Il gruppetto di mia mamma del quale facevamo parte io, i miei fratelli e due loro amici, raggiunge la vigna e si gira a osservare il fumo che saliva sempre più in alto, ma da lì non si riusciva a sentire alcun rumore. Dopo un po' i bambini più grandi si stancano di stare lì a guardare e decidono di andare a fare un giro.

"basta che non andate vicino all'incendio" disse mia mamma

"ma no, andiamo alla zolfatara" 

"vengo anch'io" mi intromisi

e alla fine Nunzio, Francesco, Piero ed io ci avviamo di corsa (non so perché i bambini corrano sempre) su per il sentiero che tagliava fra i tornanti per portarci verso il forno. Io, più piccolo di 5/6 anni rispetto agli altri, presto resto indietro, rallentando tutto il gruppo.

Arrivati alla scalinata che riportava alla Piazza torniamo al borghetto (così era chiamata in paese la via dove abitavamo).

C'era agitazione fra le persone che aspettavano l'arrivo dei pompieri (vigili del fuoco) per badare a dove stavamo andando... esattamente giù per la via, verso l'incendio.
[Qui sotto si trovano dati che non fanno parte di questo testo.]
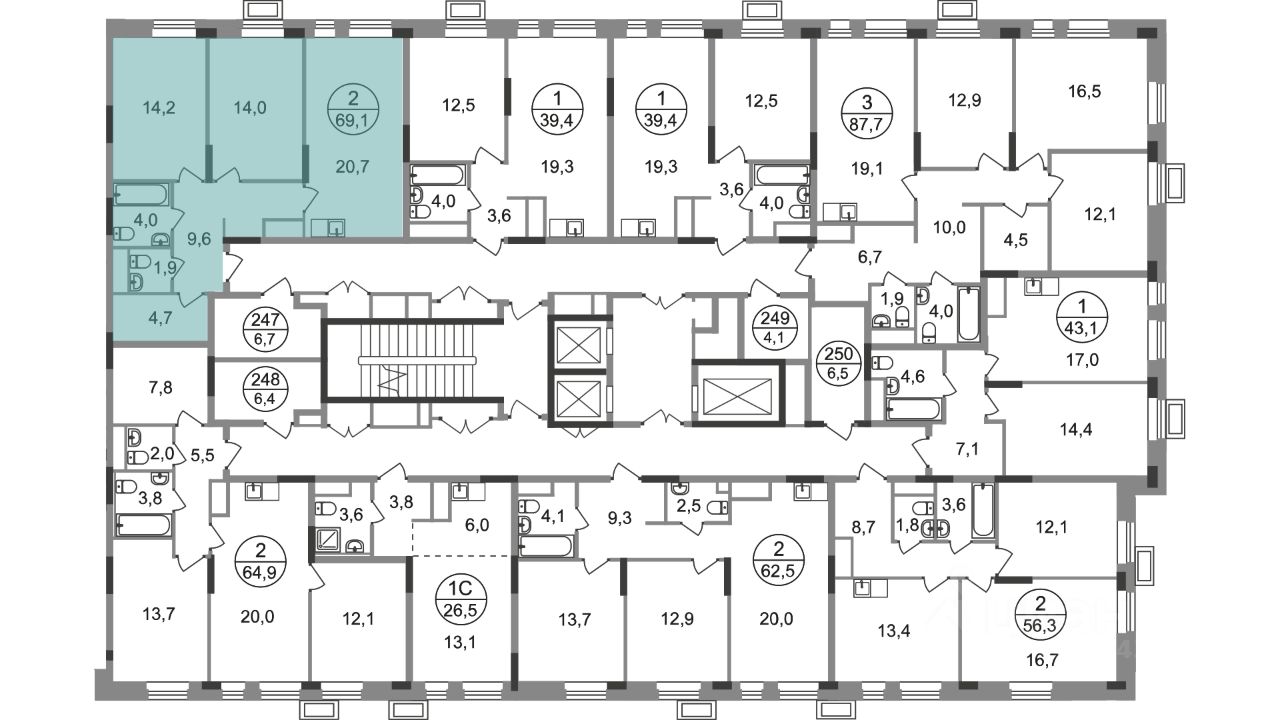 Общая площадь квартиры - 69,1 кв. м, этаж 16 из 19.

Con nostra grande sorpresa, il vecchio infermo era ancora lì seduto sulla sua sedia che piangeva... nessuno aveva pensato a lui. Non avevo mai visto un uomo adulto piangere e tantomeno avrei creduto che quell'uomo potesse piangere. Qualcuno dei più grandi corse ad avvisare gli uomini che erano in piazza che presero su Carulin sempre seduto sulla sedia e lo portarono al sicuro.

Poi, passando dalla scorciatoia che scendeva fra le case della Nerina e della Giacomina, raggiungemmo la vigna di Nello e da lì fu possbile vedere direttamente lo spiazzo dove bruciavano i materiali accatastati dagli Zoli.

Sentimmo le sirene e andammo a vedere i pompieri che srotolavano le lance e correvano verso il fuoco seguendo la stessa scorciatoia appena percorsa da noi.

I primi di loro che andarono a visionare la situazione si rassicurarono e ci permisero quindi di aiutarli (si fa per dire) a portare prolunghe di tubo e lance di riserva fino a una distanza utile per osservare e restare comunque in sicurezza.

La cosa che mi sorprese fu la pressione dell'acqua che gonfiò all'improvviso quel nastro piatto fino a farlo diventare un tubo durissimo e pesante. Poi iniziarono il loro lavoro: aggredirono le fiamme da più parti e nel giro di qualche ora tutto fu spento e furono rimosse macerie e materiali di facile combustione. 

Rimase solo un odore bagnato di bruciato che aveva intriso i vestiti e le cose e che per qualche giorno aleggiò per tutto il paese

Per un po' di tempo continuammo a parlarne, poi col passare degli anni, tutto venne dimenticato o riposto in un angolo della memoria in attesa di trovare una scusa per tornarsene fuori.